#### Task requirements
All that should be output is the block of lines below from the line with "Despite their solo" to the line with "Coconut and cinnamon-sugar", both included, exactly as written.

+++ Listed records

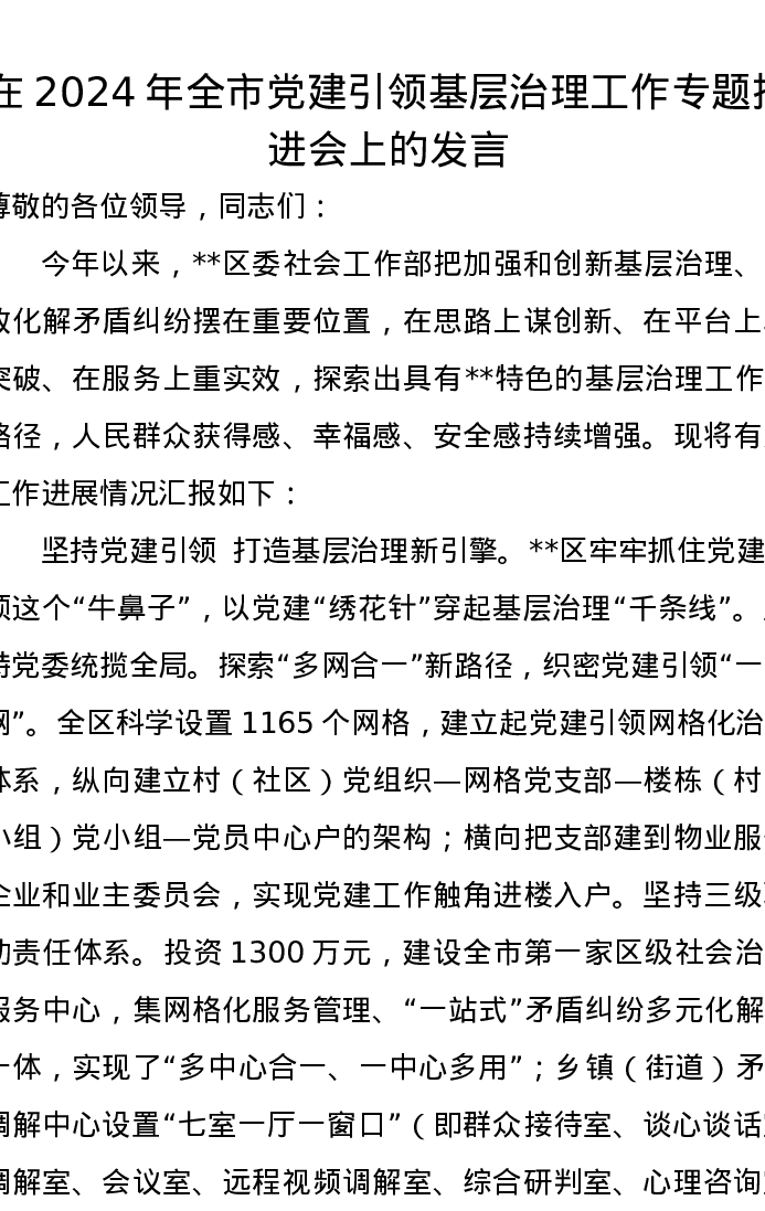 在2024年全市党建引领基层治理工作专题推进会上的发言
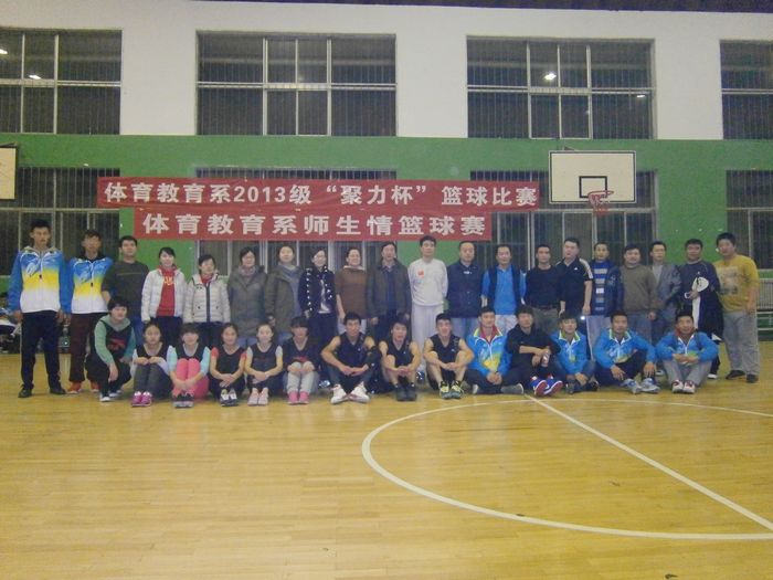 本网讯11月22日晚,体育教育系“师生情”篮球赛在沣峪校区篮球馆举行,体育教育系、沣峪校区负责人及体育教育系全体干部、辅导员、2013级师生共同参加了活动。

++++++
+++ Listed records

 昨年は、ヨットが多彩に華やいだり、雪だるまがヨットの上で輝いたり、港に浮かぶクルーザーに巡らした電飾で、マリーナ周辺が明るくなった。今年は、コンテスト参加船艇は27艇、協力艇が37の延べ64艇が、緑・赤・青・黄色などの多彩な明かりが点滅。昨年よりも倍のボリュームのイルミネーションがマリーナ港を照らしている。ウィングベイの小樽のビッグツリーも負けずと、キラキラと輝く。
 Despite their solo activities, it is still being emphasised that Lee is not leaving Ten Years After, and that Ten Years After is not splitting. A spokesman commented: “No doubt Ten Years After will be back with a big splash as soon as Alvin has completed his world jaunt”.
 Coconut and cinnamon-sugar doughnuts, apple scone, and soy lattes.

++++++
+++ Listed records

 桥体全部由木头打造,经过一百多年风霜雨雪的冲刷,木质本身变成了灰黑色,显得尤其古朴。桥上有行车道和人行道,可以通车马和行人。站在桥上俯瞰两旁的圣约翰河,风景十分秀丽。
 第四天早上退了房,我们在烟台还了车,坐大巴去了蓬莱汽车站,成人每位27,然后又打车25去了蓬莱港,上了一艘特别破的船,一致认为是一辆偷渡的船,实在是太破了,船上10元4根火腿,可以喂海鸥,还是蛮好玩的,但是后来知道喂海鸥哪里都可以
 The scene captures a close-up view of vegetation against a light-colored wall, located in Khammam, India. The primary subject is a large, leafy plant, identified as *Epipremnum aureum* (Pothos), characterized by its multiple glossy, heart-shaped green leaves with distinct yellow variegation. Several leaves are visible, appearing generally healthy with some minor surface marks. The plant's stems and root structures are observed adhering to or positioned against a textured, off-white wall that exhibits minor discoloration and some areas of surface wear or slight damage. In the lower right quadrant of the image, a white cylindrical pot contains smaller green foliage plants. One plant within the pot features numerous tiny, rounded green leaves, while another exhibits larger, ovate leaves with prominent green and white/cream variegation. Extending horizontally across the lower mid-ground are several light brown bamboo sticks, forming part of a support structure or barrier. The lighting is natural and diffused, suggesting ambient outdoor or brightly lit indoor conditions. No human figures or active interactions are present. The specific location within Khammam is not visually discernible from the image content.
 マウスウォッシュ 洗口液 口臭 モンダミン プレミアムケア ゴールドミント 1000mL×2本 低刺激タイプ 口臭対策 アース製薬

++++++

#### Reply to the exercise
 Despite their solo activities, it is still being emphasised that Lee is not leaving Ten Years After, and that Ten Years After is not splitting. A spokesman commented: “No doubt Ten Years After will be back with a big splash as soon as Alvin has completed his world jaunt”.
 Coconut and cinnamon-sugar doughnuts, apple scone, and soy lattes.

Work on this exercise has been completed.